# THE PROBLEM
It would help if you retyped the data exactly, leaving out the pictures.

# RECORDED INFORMATION
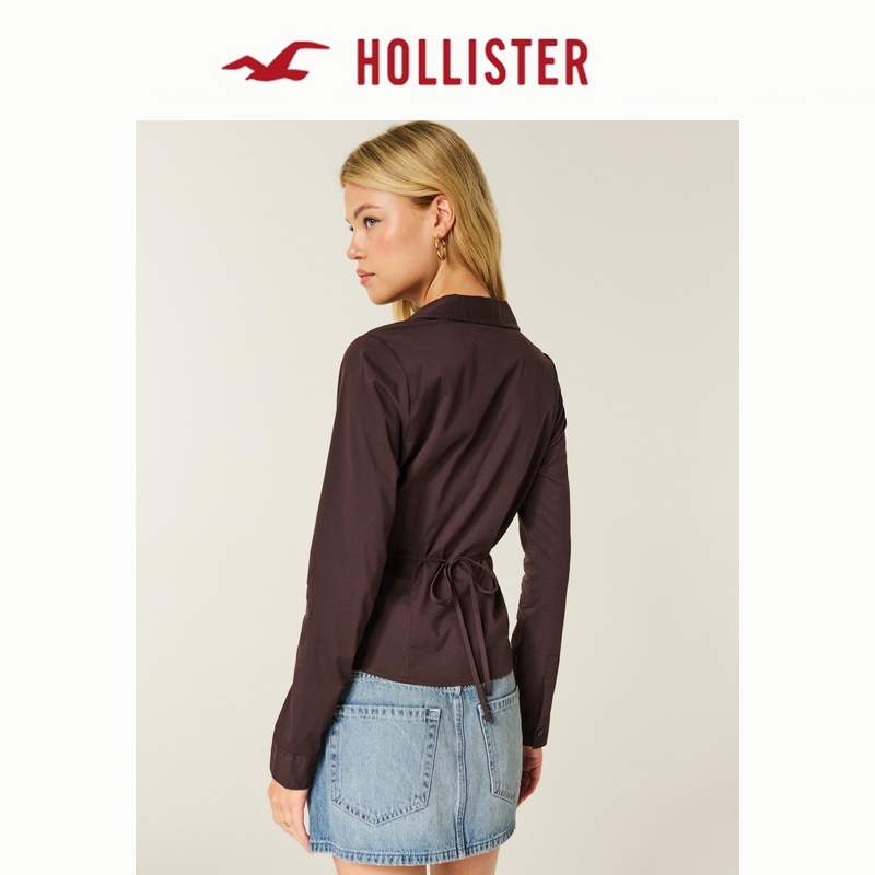 Hollister25秋冬新款Y2K辣妹修身收腰系带府绸衬衫女装340-5486
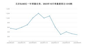 2024年5月,北京BJ60销量为278辆,同比下降50.36%,环比下降14.2%。2023年05月-2024年05月份,北京BJ60销量为8627辆,同比增长162.14%。
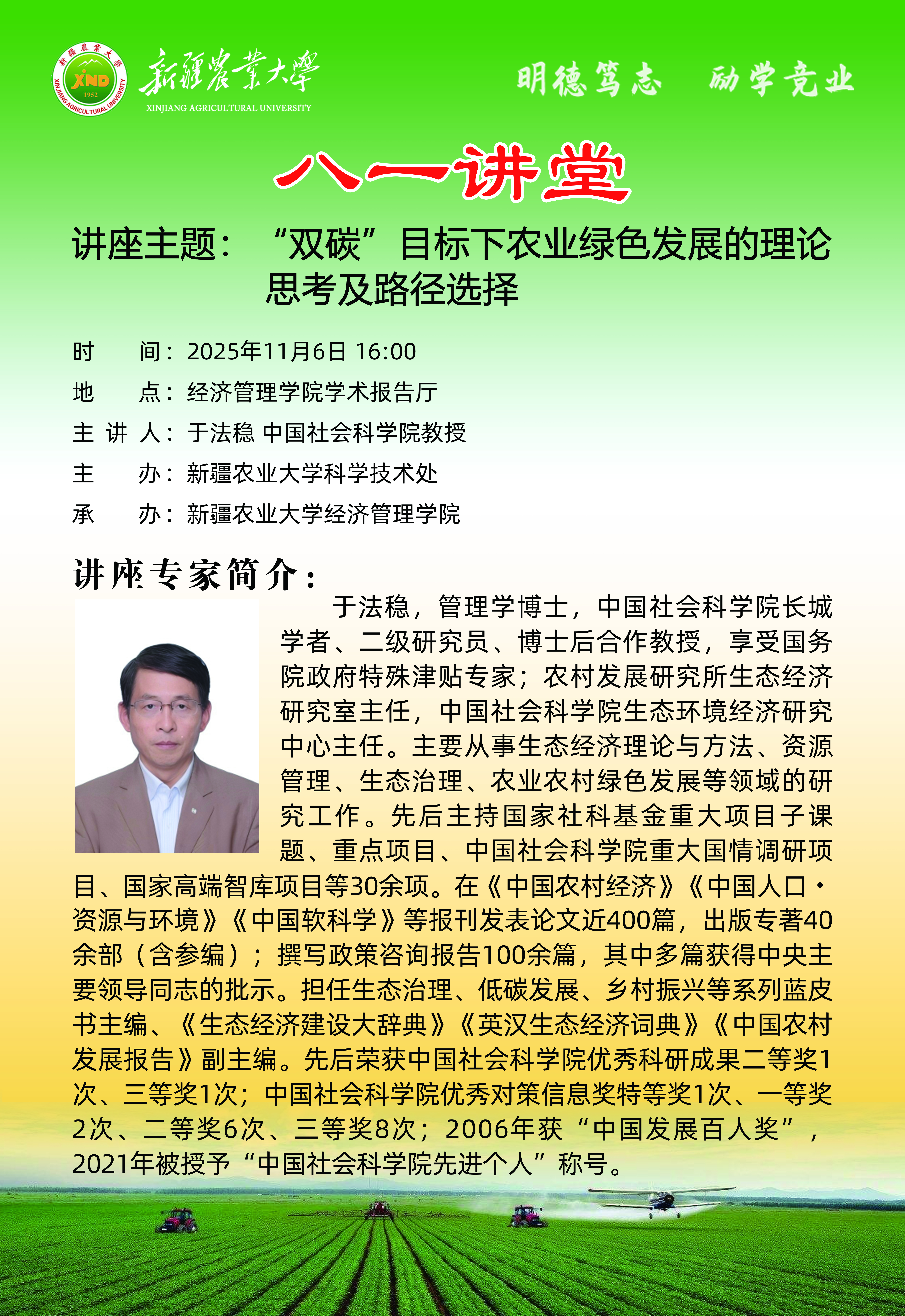【八一讲堂预告】一百零八期:“双碳”目标下农业绿色发展的理论思考及路径选择

# WRITTEN ANSWER
 Hollister25秋冬新款Y2K辣妹修身收腰系带府绸衬衫女装340-5486
 2024年5月,北京BJ60销量为278辆,同比下降50.36%,环比下降14.2%。2023年05月-2024年05月份,北京BJ60销量为8627辆,同比增长162.14%。
【八一讲堂预告】一百零八期:“双碳”目标下农业绿色发展的理论思考及路径选择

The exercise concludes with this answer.